# ...And POOF...It's gone.



## patrickfraser (Dec 9, 2012)

I wish the focus was better, but I thought it was pretty cool. Nothing but a poof of calcium dust and her tongue retracting. The feeder _was _sitting on the vine. :lol:


----------



## patrickfraser (Dec 9, 2012)

Funny coincidence in the timing of my posting. POOF! Other things are disappearing too. :lol: I knew it wouldn't last long.


----------



## Mëluzynn (Dec 9, 2012)

patrickfraser said:


> Funny coincidence in the time of my posting. POOF! other things are disappearing too. :lol:


I was thinking the same...XD

I actually thought this thread was about the disappearing of an other one...lol


----------



## twolfe (Dec 9, 2012)

That's actually what I thought you were talking about by the subject of your thread.

That's quite the tongue.


----------



## patrickfraser (Dec 9, 2012)

It is hard to get good tongue pics. It happens so quick.


----------



## Plex (Dec 9, 2012)

I thought you were referring to the other thread as well..

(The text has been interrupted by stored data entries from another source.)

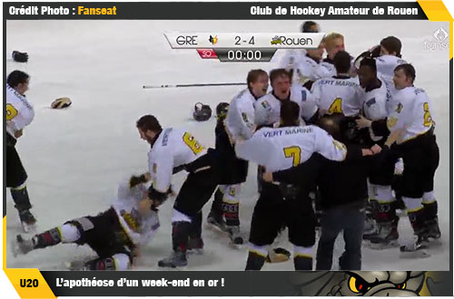 Promis au titre avant la rencontre, les Brûleurs de Loups grenoblois se mettront dans les meilleures conditions possibles pour gérer au mieux leur avance acquise la veille. Alors que bien aidé par le voile de David Fritz-Dreyssé, Joran Reynaud illustrait la bonne entame rouennaise en marquant le premier but après sept minutes jeu, Rouen ne parvenait pas pour autant à faire vaciller le colosse isérois. Un temps menacé dans le premier tiers, au moment d'aborder le tiers médian, les Brûleurs de Loups remettront les pendules à l'heure en deux temps. Une première fois par Hugo Dechelle à la déviation sur un lancer de Sacha Reboh et dans la foulée par Florentin Lardy qui coupait une passe de Pierre Robert pour le 2-1 à la dernière seconde du deuxième tiers. Le tournant du match. Fous furieux après l'arbitrage estimant à juste titre que le deuxième but grenoblois était entaché d'une crosse haute, de ce petit fait de match naitra une forte frustration chez les Dragons et un sentiment de révolte qui emportera tout sur son passage au troisième tiers. Alors qu'au cumul de deux matchs, le retard des rouennais s'élevait déjà à trois buts soit plus que le total qu'ils avaient été capable de marquer en quatre confrontations en saison régulière, loin de les effrayer, le challenge, parfumé par le sentiment de l'injustice du deuxième but, libèrera les Dragons. Débridés les rouennais dans les cinq premières minutes du troisième tiers renverseront en partie la rencontre. Au rebond sur un lancer de David Fritz-Dreyssé, Julien Msumbu égalisait à 2-2 alors que dans la foulée c'est Joran Reynaud qui portait une nouvelle estocade pour le 3-2. A quinze minutes de la fin du match, il manquait encore un but aux rouennais pour espérer décrocher a minima la prolongation. Assiégeant la zone défensive de Grenoble, les Dragons prenaient leurs responsabilités et tentaient de forcer leur destin face à une équipe iséroise pour le moins fébrile sur cette fin de rencontre à l'image d'Alexandre Pascal, un brin niais sur l'affaire qui concédait deux minutes de prisons à cinq minutes de la fin de la rencontre. Moment clef pour les rouennais qui allaient en profiter superbement. Sur un lancer de Jules Lefebvre, le palet trainait devant la zone de Julian Junca, de quoi exciter l'appétit de Doryan Besseau qui en profitait pour tenir parole et marquer le quatrième but rouennais. Incroyable retournement de situation pour les Dragons qui désormais pouvaient envisager d'aller chercher le graal en prolongation. Un sur-temps à l'avantage des Dragons qui auront l'occasion de crucifier les isérois par l'intermédiaire de David Fritz-Dreyssé puis Arthur Nadaux. Un suspense insoutenable, intenable qui ne trouvera pas son dénouement dans la prolongation mais dans une séance de tirs aux buts inédite en finale du championnat de France Espoir. Incroyable fin de suspense avec l'ouverture du score de Lucas Bonnardel à laquelle répondait Joran Reynaud. Les autres tireurs ayant échoué, c'est Arthur Nadaux qui aura le palet du match et qui le mettra au fond pour la victoire jaune et noir (résumé) Tout un symbole ! « On va le faire ! » disait-on hier soir dans le camp jaune et noir. C'est désormais chose faite, ils l'on fait ! Et apportaient au club de Rouen son septième titre en Espoir ! Incroyable week-end pour le hockey rouennais avec deux titres dans la même journée en U17 (bilan 2016-2017) et U20.
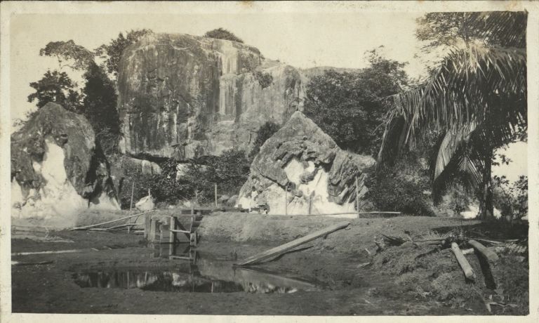 Subject: A small dock in a cove with interesting rock formations. Likely along Subic Bay, and definitely at low tide.
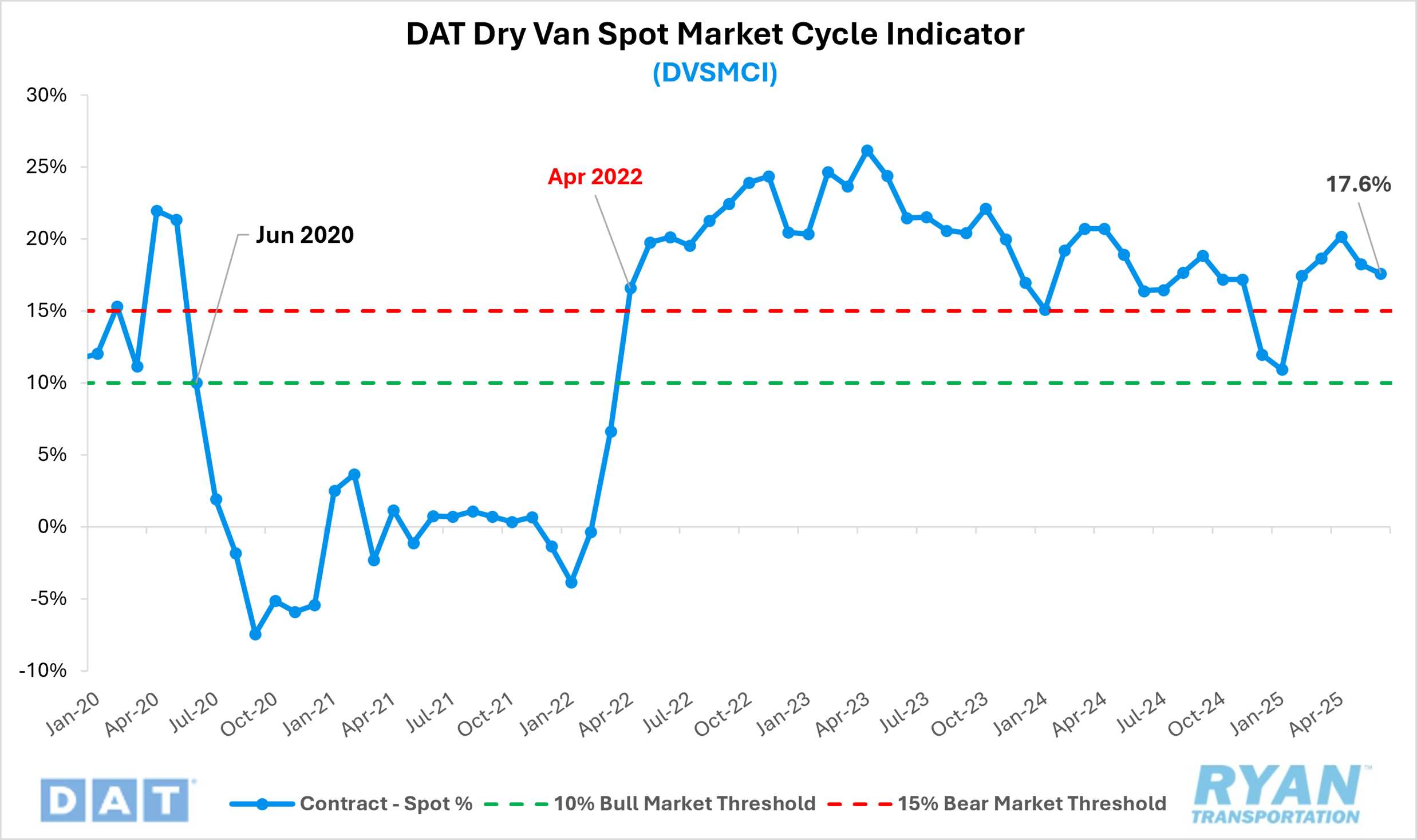 Another encouraging data point came from the DAT Dry Van Spot Market Cycle Indicator (DVSMCI), which tracks the spread between spot and contract rates relative to historical averages. The index declined from 18.3% in May to 17.6% in June. While this movement is modest and the indicator remains firmly in bearish territory, it represents progress. According to Dr. Jason Miller, Eli Broad Endowed Professor of Supply Chain at Michigan State University and developer of the index, sustained readings above 15% are consistent with bearish market conditions, while levels below 10% are generally indicative of a more bullish environment.

And that definitely is quite a tongue, pretty girl was hungry it seems~ xD


----------



## patrickfraser (Dec 9, 2012)

She's ALWAYS hungry.


----------



## Plex (Dec 9, 2012)

Hah quite an appetite, kind of like all the critters at my house.. seems someone is always hungry here.


----------



## Mvalenz (Dec 9, 2012)

Cool pic and good timing.


----------



## angelofdeathzz (Dec 9, 2012)

Puff the magic dragon... Nice capture even still.

Posts like the one that disappeared never work out well, I think you mentioned that early on?


----------



## agent A (Dec 9, 2012)

patrickfraser said:


> She's ALWAYS hungry.


so is my sister's pregnant history teacher :lol:


----------



## petoly (Dec 9, 2012)

man I want one of those so bad. how do you keep the humidity high enough for a screen cage? a room humidifier?


----------



## patrickfraser (Dec 9, 2012)

petoly said:


> man I want one of those so bad. how do you keep the humidity high enough for a screen cage? a room humidifier?


Veileds don't need it too humid. I do use a humidifier in the room and spray them down a couple times a day.


----------